Abstract Body (Do not enter title and authors here): Background: Long non-coding RNAs (lncRNAs) are emerging as a promising RNA class with clinical relevance in heart failure (HF). These RNA transcripts are over 200 nucleotides long and regulate gene expression at multiple levels. While prior studies suggest circulating lncRNAs have clinical and diagnostic potential, comprehensive statistical analyses are lacking. This meta-analysis evaluates the diagnostic, risk stratification, and mechanistic roles of circulating lncRNAs in HF.

Methods: MEDLINE and EMBASE databases were searched up to March 1 2025 for studies assessing circulating lncRNAs in adult patients with HF. Exclusion criteria included non-human, non-HF, pediatric, and non-English studies as well as reviews, editorials, letters, commentaries, and abstracts. Diagnostic accuracy analyses were performed using a bivariate random-effects model in STATA 19. Correlation analysis was performed using a random effects model in R 4.5.0. Pathway enrichment and protein-protein interaction analyses were performed using RNAenrich and Cytoscape 3.10.3. Heterogeneity was evaluated via I².

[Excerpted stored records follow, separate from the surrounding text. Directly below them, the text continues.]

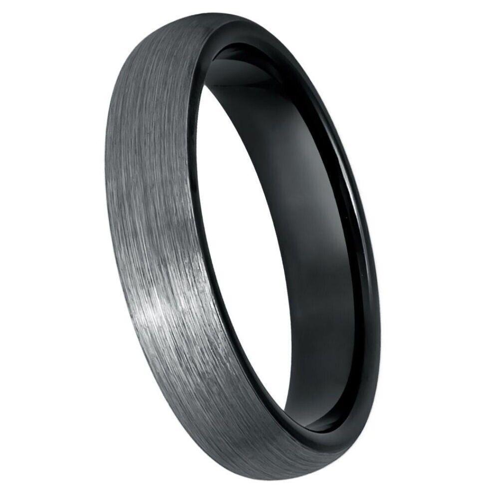 Domed Brushed Black & Gun Metal IP Plated Tungsten Ring - 4mm
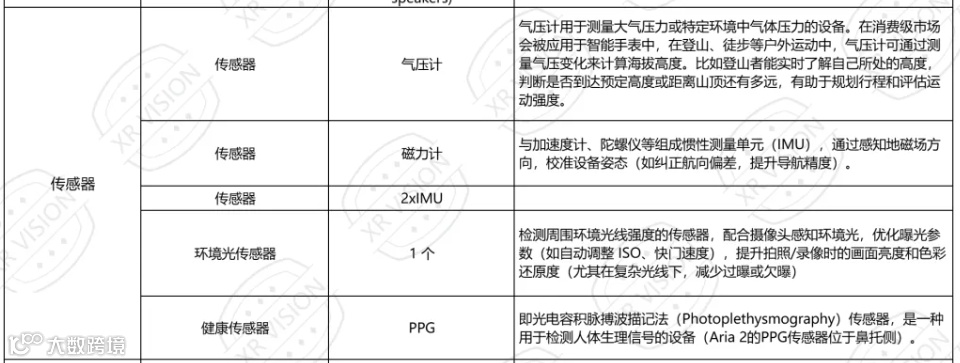▲ Meta Aria 2搭载的运动和健康相关传感器
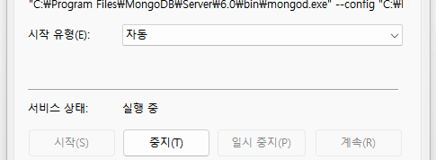 5. 서비스 앱을 실행한 후 서비스 상태 - 시작을 클릭하면 몽고디비는 자동실행된다.
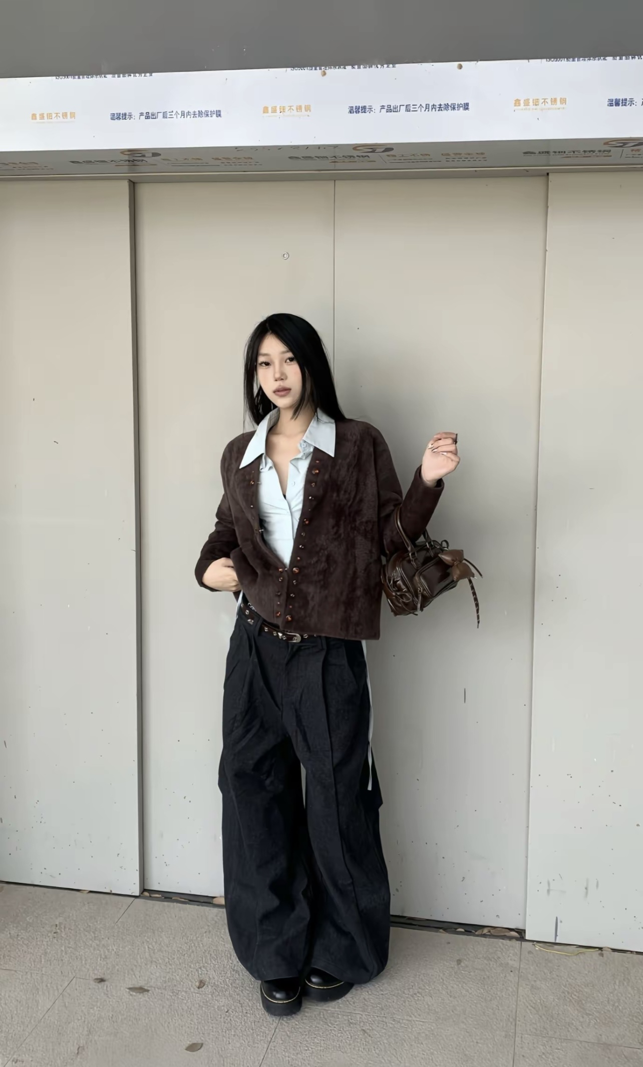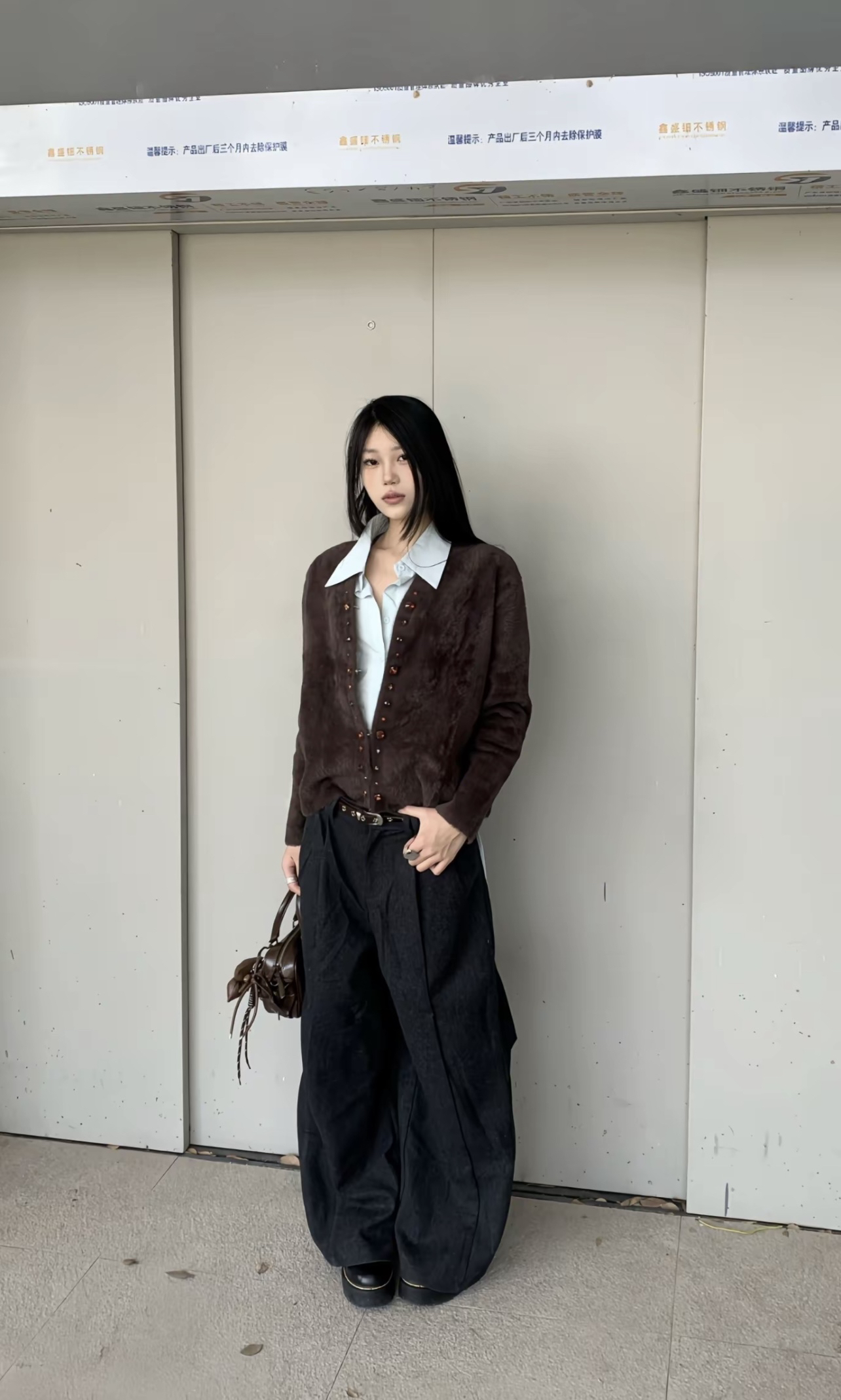秋冬的氛围感被这件棕调开衫狠狠拿捏住了✨ 软糯的毛绒质感贴身穿超舒服,V领设计搭配浅蓝衬衫叠穿,层次感直接拉满。复古琥珀扣是点睛之笔,和深棕底色呼应得恰到好处。下装搭炭灰阔腿裤,慵懒又随性,拎上同色系包包,整套look复古又高级,通勤出街穿都超有味道,妥妥的秋冬氛围感神器~
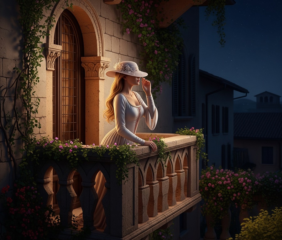 "Giulietta è in piedi affacciata al famoso balcone. Con lo
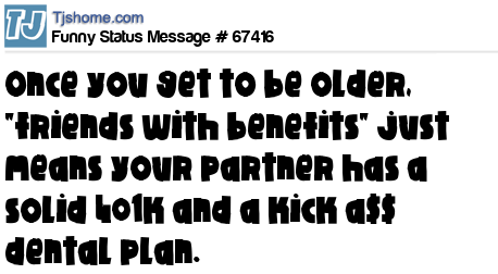 X Once you get to be older, "friends with benefits" just means your partner has a solid 401k and a kick a$$ dental plan.
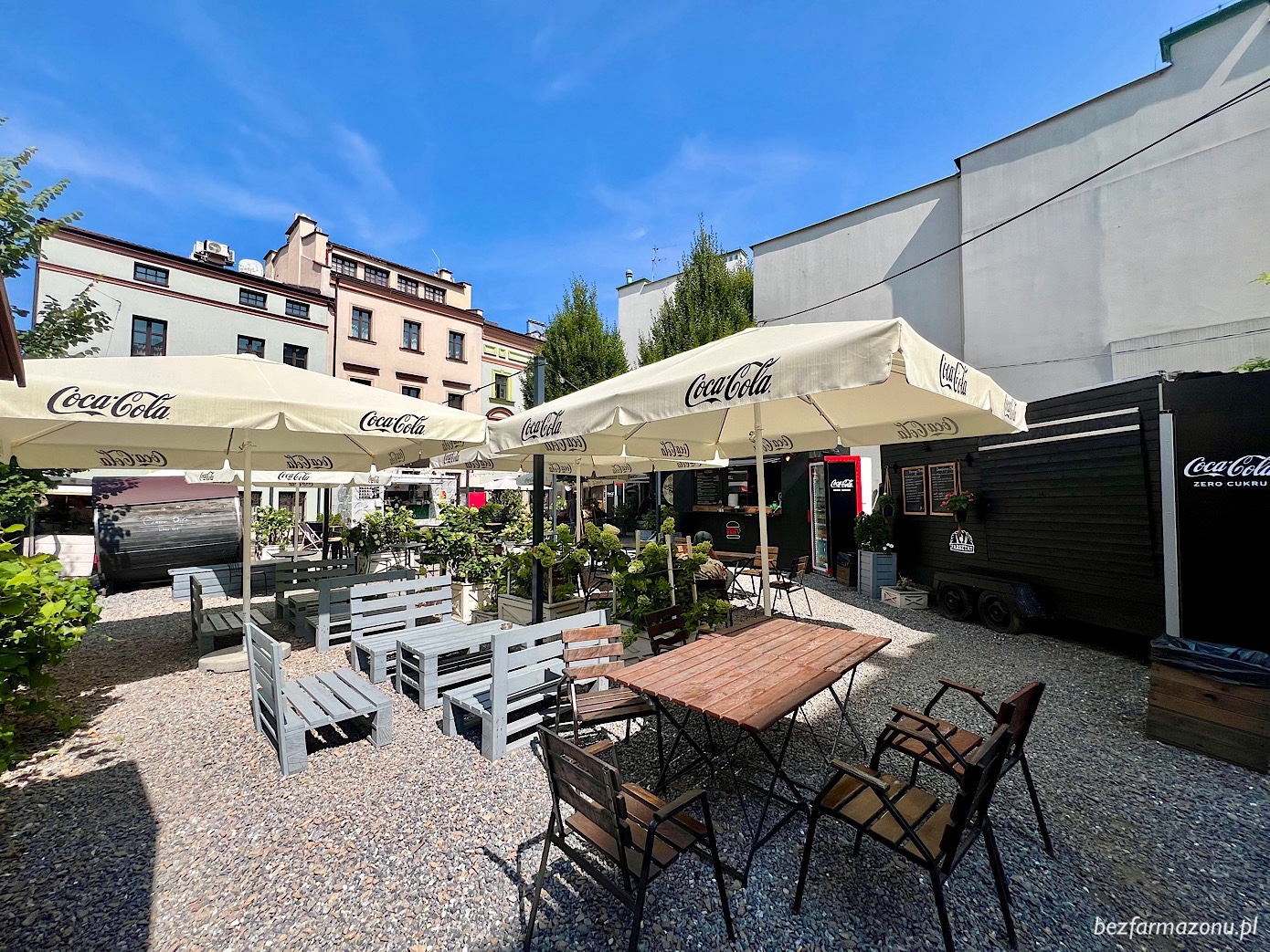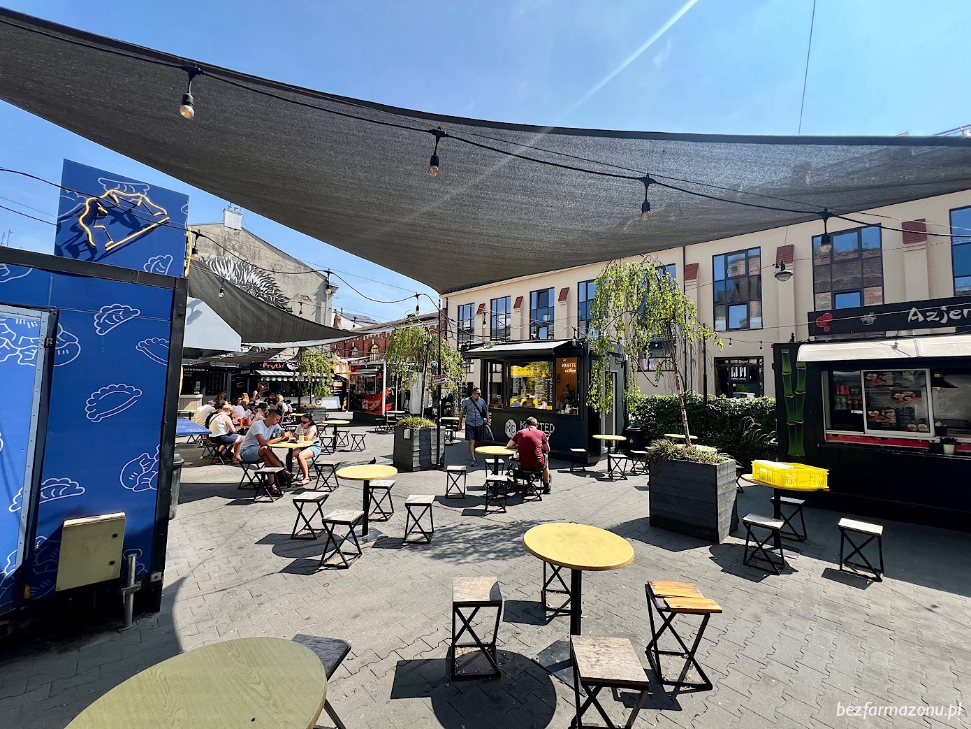 Miejscówka oddalona od Rynku dosłownie 7 minut na piechotę. W centrum placyku zadaszony bar z napojami alko i niealko, dookoła niego żarciowozy z przeróżnymi kuchniami świata.
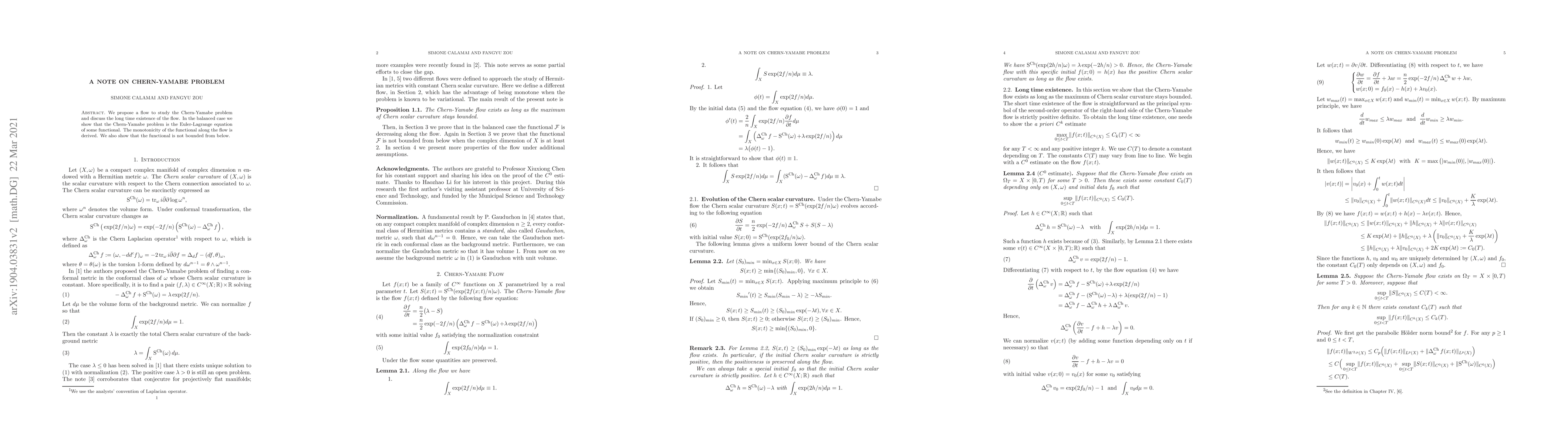 A new flow is proposed to study the Chern-Yamabe problem, showing it is related to an Euler-Lagrange equation with a non-bounded functional that is monotonic along the flow.

Results: After screening 955 titles, 34 studies involving 49 unique lncRNAs were included. Of these lncRNAs, 29 were significantly upregulated and 9 significantly downregulated (p < 0.05), while 5 showed no difference and 6 had unclear findings in HF. Diagnostic meta-analysis (8 studies, n = 1245) yielded a pooled sensitivity of 0.82 (95% CI: 0.68 – 0.91), specificity of 0.92 (95% CI: 0.85 – 0.96), and diagnostic odds ratio of 54 (95% CI: 26 – 112). Area under the curve of the summary receiver operating characteristic curve was 0.94 (95% CI: 0.92 – 0.96). Correlation analysis (5 studies, n = 593) showed a significant negative correlation between lncRNA levels and LVEF (r = -0.49, 95% CI: -0.58 – -0.39, p < 0.0001). Pathway enrichment analysis highlighted pathways involving growth factor receptors and second messengers, interleukins, and IL-4 and IL-13 in particular as important lncRNA-related pathways in HF. Tumour protein p53 (TP53), Suppressor of Mothers Against Decapentaplegic 4 (SMAD4), and specificity protein 1 (SP1) were identified as hub genes in these pathways.

Conclusion: Circulating lncRNAs can differentiate HF from non-HF patients and correlate with cardiac function, aiding diagnosis and risk stratification. We also demonstrated potential pathophysiological roles of lncRNAs in HF involving growth factor receptors, IL-4, and IL-13.